Indirect Enzyme-Linked ImmunoSorbent Assay (I-ELISA)
ELISA test is a secondary serological test that high sensitivity and specificity than RBPT. The samples that were screened positive by RBPT were further confirmed by I-ELISA for the detection of Brucella antibodies. I-ELISA seems to be an important alternative to the conventional serodiagnosis of camelid brucellosis. I-ELISA is used to discriminate between the presence of specific IgM and IgG antibodies and to roughly access the stage of illness 40.
Complement fixation test (CFT)
The test that can be used to detect the presence of either a specific antibody or specific antigen in the serum. It was widely used to diagnose, particularly with a microbe that is not easily detected by culture method. All sera reacted positive to the RBPT were further tested using CFT for confirmation. The control sera and complement were both obtained from the Federal Institute for Health Protection of Consumers and Veterinary Medicine, Germany standard B. abortus antigen for CFT (Veterinary Laboratories Agency, United Kingdom) was employed to detect the presence of antibodies against Brucella in the sera. The CFT measures more antibodies of the IgG1 than antibodies of the IgM type, Since it usually appears after antibodies of the IgM type, control and surveillance for brucellosis is best done by CFT 41.
Treatment of Camel Brucellosis
Antibiotics; the bacteria is gram-negative facultative intracellular parasite and morphologically coccobacilli which are sensitive to many broad-spectrum antibiotics, but the use of antibiotics is forbidden in many countries because of the uncertainty related to the infective status of the treated animals and because of the spread of antibiotic resistance. Treatment is unlikely to be cost-efficient or therapeutically effective because of the intracellular sequestration of the organisms, mainly in the lymph nodes. In addition to this treatment, milking camels received 10 ml of ox tetracycline as intramammary infusions in each teat every two days for eight days. All treated dromedaries also became serologically negative within 16 months of treatment. This regimen of treatment was effective in eliminating the shedding of Brucella organisms through milk. But the single untreated control camel remained positive over the same period of time 42.

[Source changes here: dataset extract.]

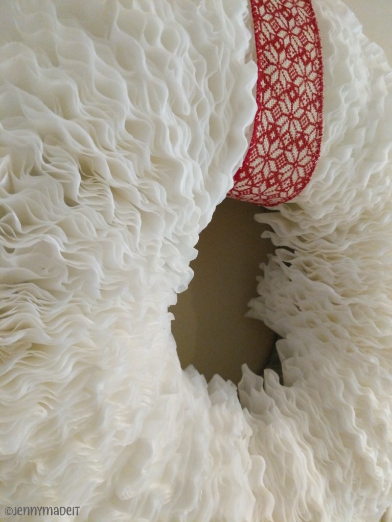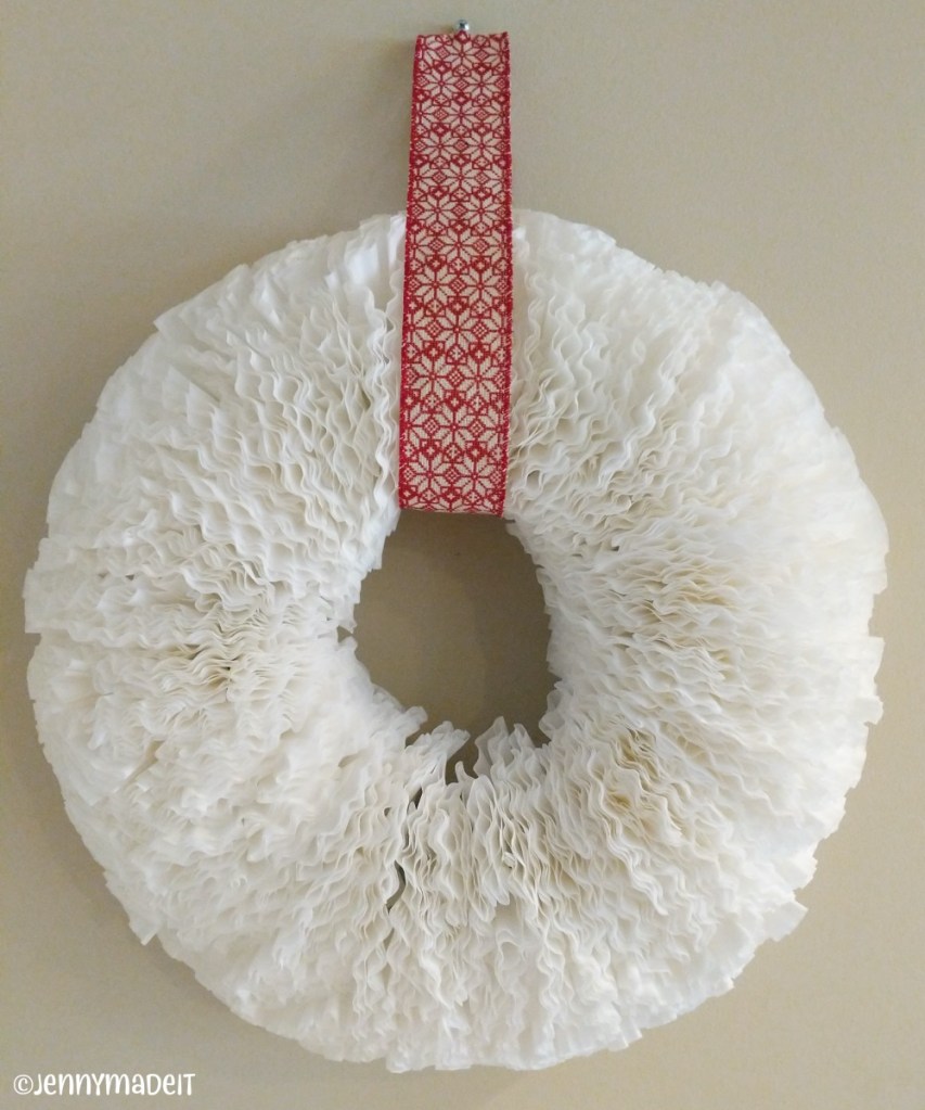 I found a few different tutorials online and only needed to glance at those to determine how I was going to make this. I purchased a foam wreath form, using a coupon from Joann’s, and I purchased 300 white coffee filters from the grocery store. I have a lot of glue sticks for my gun. I had this about half done last month and got bored (typical me) but today I decided it’s getting done! And it did. And I love it!! The neat thing about this wreath is that it can be used all year round. It’s easy to use a different hanging ribbon. Some people have dyed their coffee filters first, but I was in the mood for a stark wreath.

Seroprevalence and Associated Risk Factor of Brucellosis
Status of Brucella in Ethiopia
Ethiopia has a high population of camels and is known for its low-lying pastoral areas, which are particularly suitable for camel breeding and other livestock. These lowlands are predominantly located in the Eastern, South-Eastern, and Southern regions of the country, accounting for 40% of the livestock population 43. The traditional practice of mixing camels with other animals in an extensive system has led to inadequate care during watering and migrations. The prevalence of Brucella infection is heavily influenced by management practices and climate conditions. Despite the abundant livestock resources scattered throughout Ethiopia's diverse agro-ecologies, they remain underutilized 44. Ethiopia's agro-ecologies can be broadly classified as highlands and lowlands 45.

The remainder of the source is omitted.